Most buyers do not have enough cash available to buy a home, so they need to obtain a mortgage to finance the purchase. Since the buyer will probably make their purchase conditional to obtaining a mortgage, the seller has the right to be informed of buyer's financing plans in order to evaluate the strength of the offer to purchase. This is one of the major reasons that financing details are included in the offer.
Financing is an important contingency. When we review the offer to purchase we will discuss the details of the financing condition. If the buyer has mortgage pre-approval the offer is more likely to be accepted. The mortgage approval process may include having an appraisal of the property completed by a professional appraiser and submitted to the lender. The lender will contact the appraiser they want to use. The appraiser will contact us and we will coordinate the appraisal. The mortgage amount the lender will provide is based on the lesser of the accepted purchase price or the appraised value.

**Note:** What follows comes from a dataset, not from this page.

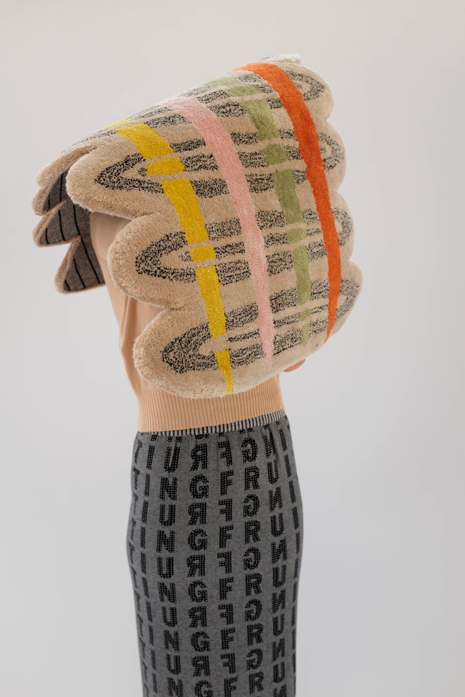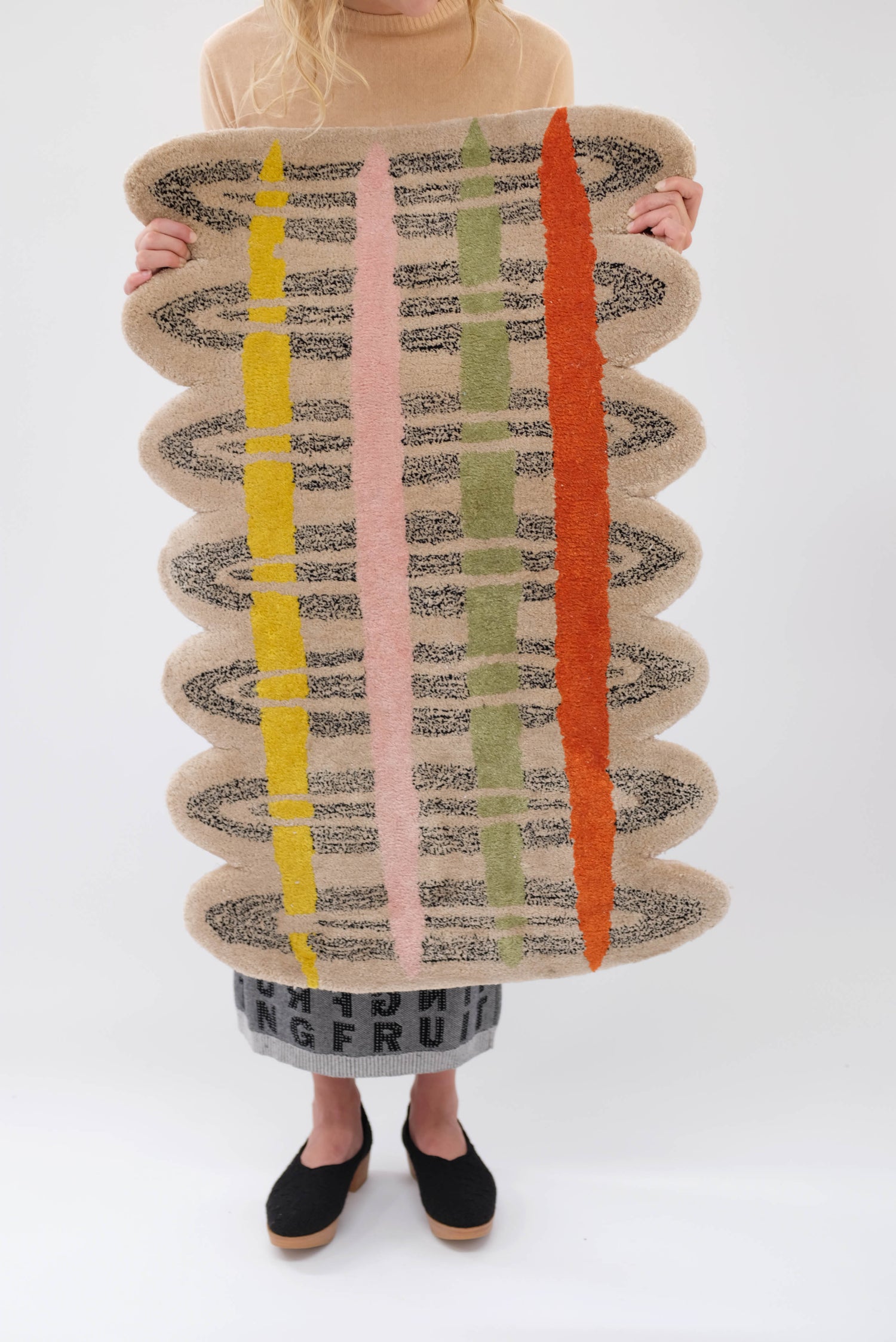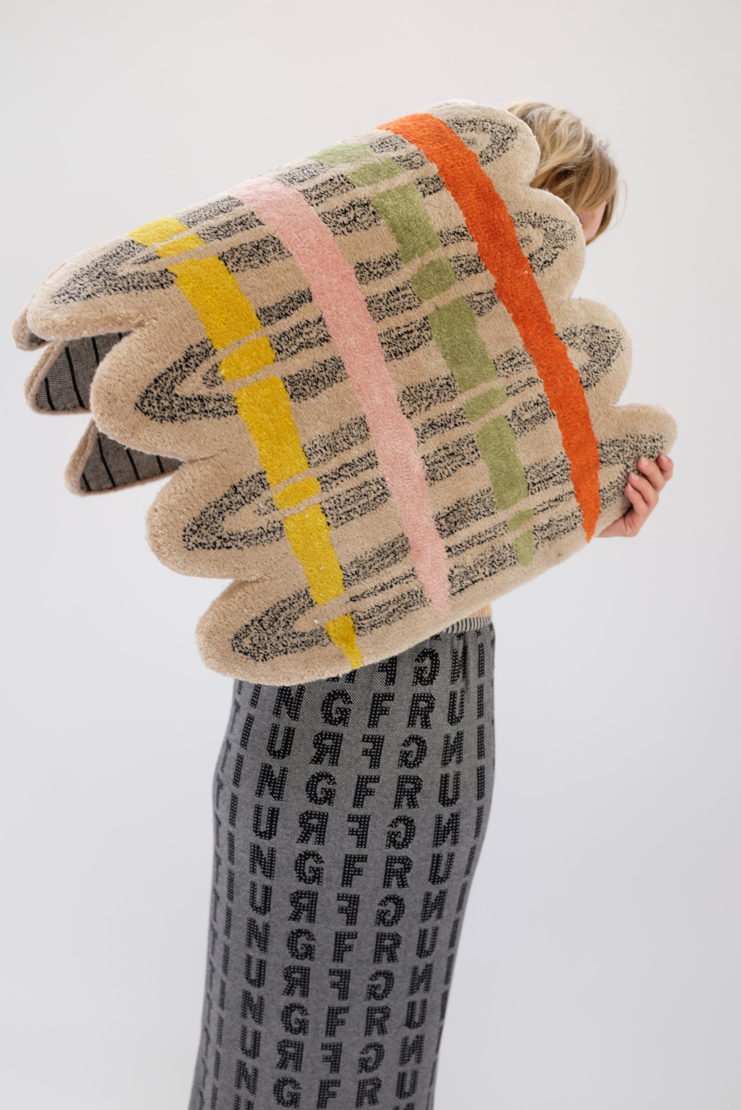 Art rug, exclusive design, made from recycled plastic bottles, feels and looks like wool. Dense, thick, pile. 100% recycled.

As part of the offer, the buyer will need to disclose the size of the down payment, which includes the good faith deposit and the balance owing after the new financing. Once again, this allows you to evaluate the likelihood of the buyer obtaining a mortgage. It is easier to get approved for a mortgage when there is a larger down payment.
Another reason for including financing information in the offer is to protect the buyer. If interest rates suddenly become volatile and rise quickly the buyer may be looking at a mortgage payment much higher than he anticipated. By putting a maximum acceptable interest rate in the offer, the buyer is protecting himself from such an occurrence.
At the same time, you will probably want to see that the buyer has some flexibility in the financing terms he is willing to accept. If interest rates are currently at four percent and the buyer indicates this is the highest rate he will accept, he would be able to cancel the contract without penalty if interest rates rose past that point. You would suffer because you have lost valuable marketing time and you may have made your own plans based on successfully closing the transaction.
Occasionally a buyer requests to have the seller "take back" a second mortgage to help facilitate the purchase of their home. A seller "take back" is called a second mortgage because it must take a second position on title after the first mortgage. A second mortgage has a higher risk and therefore the buyer should expect to pay a higher interest rate than the holder of the first mortgage. In cases when the seller does not need all the proceeds from their sale in order to purchase their next property, this is an option. The advantage to the buyer is that by combining your down payment and the second mortgage from the seller, he may be able to avoid paying mortgage insurance and save himself some money.
If a seller "take back" is part of the offer, the offer should include the terms the buyer wishes to pay on the second mortgage. Keep in mind that the first mortgage holder needs to know this information so they can underwrite the buyer's mortgage, and the lender may have certain minimum requirements. The minimum payment can be "interest only" with a balloon payment at the end of the term. Longer mortgage terms and payments that also include principle payments and interest are possible.
If the buyer is one of those rare individuals making a cash offer to buy a property, it makes sense that there is some documentation with the offer that shows that the buyer has the funds available. A bank statement would be fine. If the buyer has to liquidate stock or some other asset, the offer should give a timetable on when the buyer will provide proof the asset has been converted to cash.
Other Financing Details in Your Offer
The offer should also contain information on whether the buyer is obtaining a fixed rate or an adjustable rate mortgage. It should also state whether the buyer is obtaining conventional mortgage, or a high ratio mortgage.